At a more senior level, governmental measures mean that well-seasoned judges are leaving the profession earlier than they might. In 1993, the mandatory judicial retirement age was reduced from 75 to 70. One solution to the inevitable shortfall of judges would be to restore or even remove the mandatory judicial retirement age. A reversion to the maximum age of 75, certainly for the Courts of Appeal, has powerful supporters. It is regrettable, for example, that the polymathic Lord Sumption was compelled to step down last month while he was still in his judicial prime. After all, Ruth Bader Ginsburg still sits on the US Supreme Court with distinction at the age of 85. Lord Bridge, the Senior Law Lord, once lamented that ‘the populist image of the geriatric judge, out of touch with the real world, is now reflected in the statutory presumption of judicial incompetence at the age of 75’. Now that judges must retire even younger, the phrase ‘statutorily senile’ has become a self-mocking quasi-legal cliché.
Last year, the SSRB recommended as a partial palliative a 32 per cent pay increase for those judges adversely affected by the recent changes in their pension scheme. The government’s opening counter bid was a mere 2 per cent. Only the least numerate or most insouciant of silks will not see this widening gap between private and public pay.
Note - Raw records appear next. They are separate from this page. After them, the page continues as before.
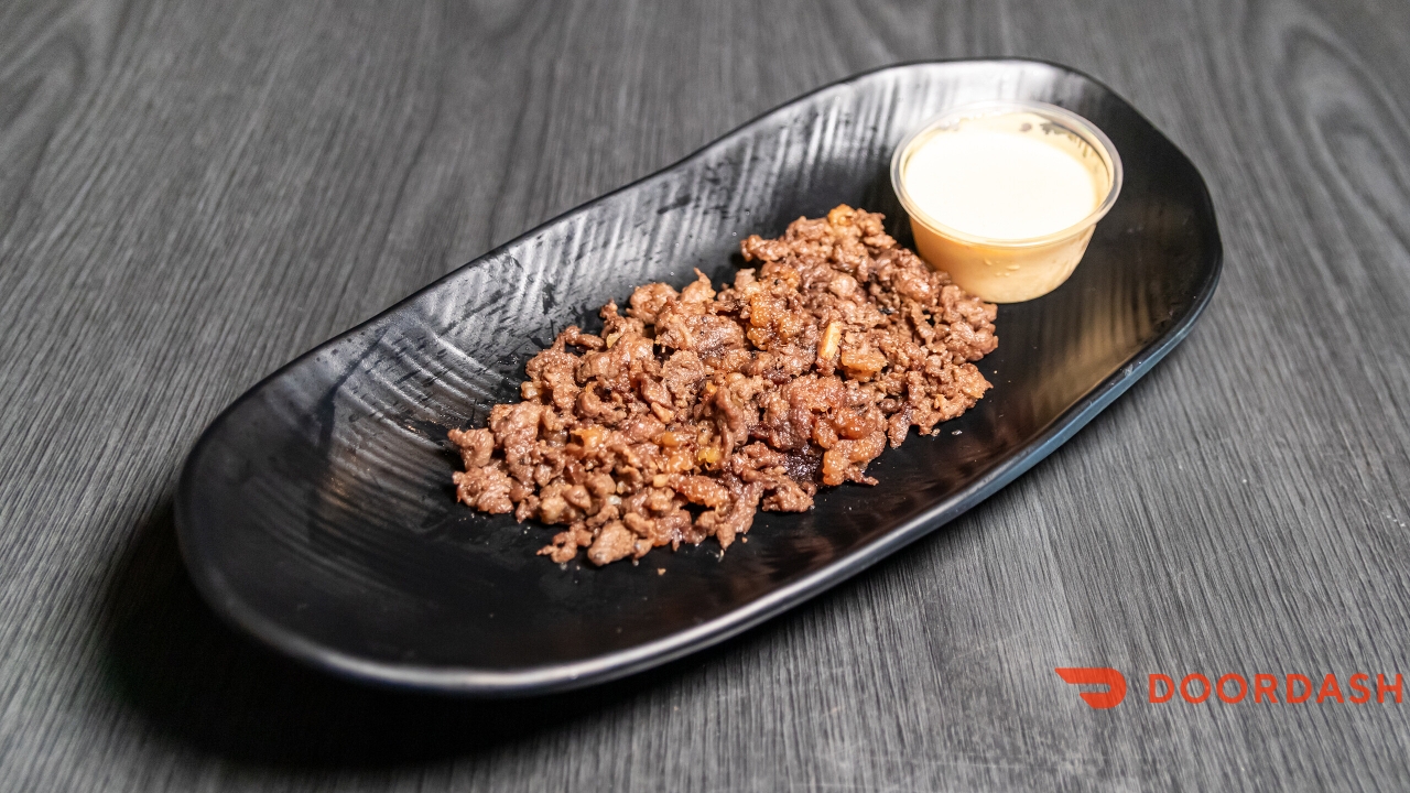 Diced hanger steak. Comes with 1 teriyaki sauce! (Not Cooked to preference)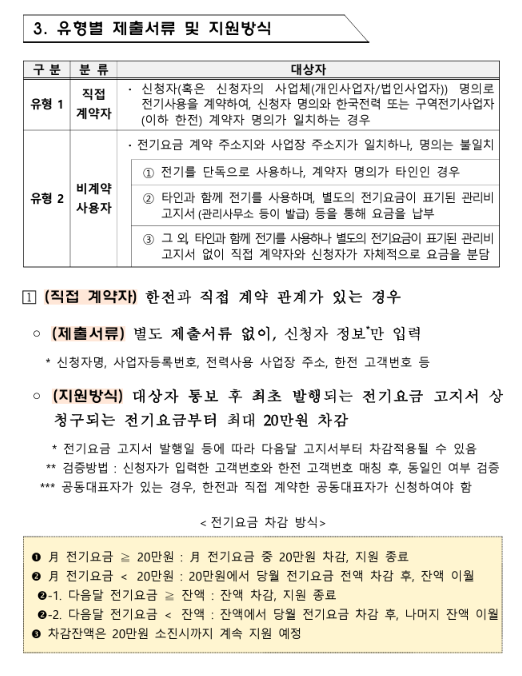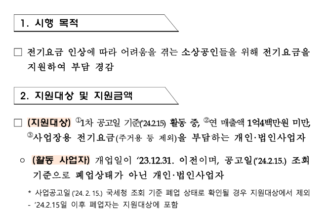 - 전기요금 부담 사업자: 사업장용 전기요금을 부담하는 소상공인으로, 주거용은 제외됩니다.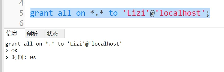 刷新:flush privileges;

But there are, it seems, no votes in being kind to the senior judges, whose work was nonetheless described by the JAC as ‘fundamentally important to society’. Not least in the era of judicial review, where so many issues once thought appropriate for the legislature have migrated to the courts.
The Lord Chief Justice has described the situation as ‘unsustainable’, but it looks for the moment as if it is insoluble too. Fewer or lower-quality judges is not even a Hobson’s choice. It is not an acceptable choice at all.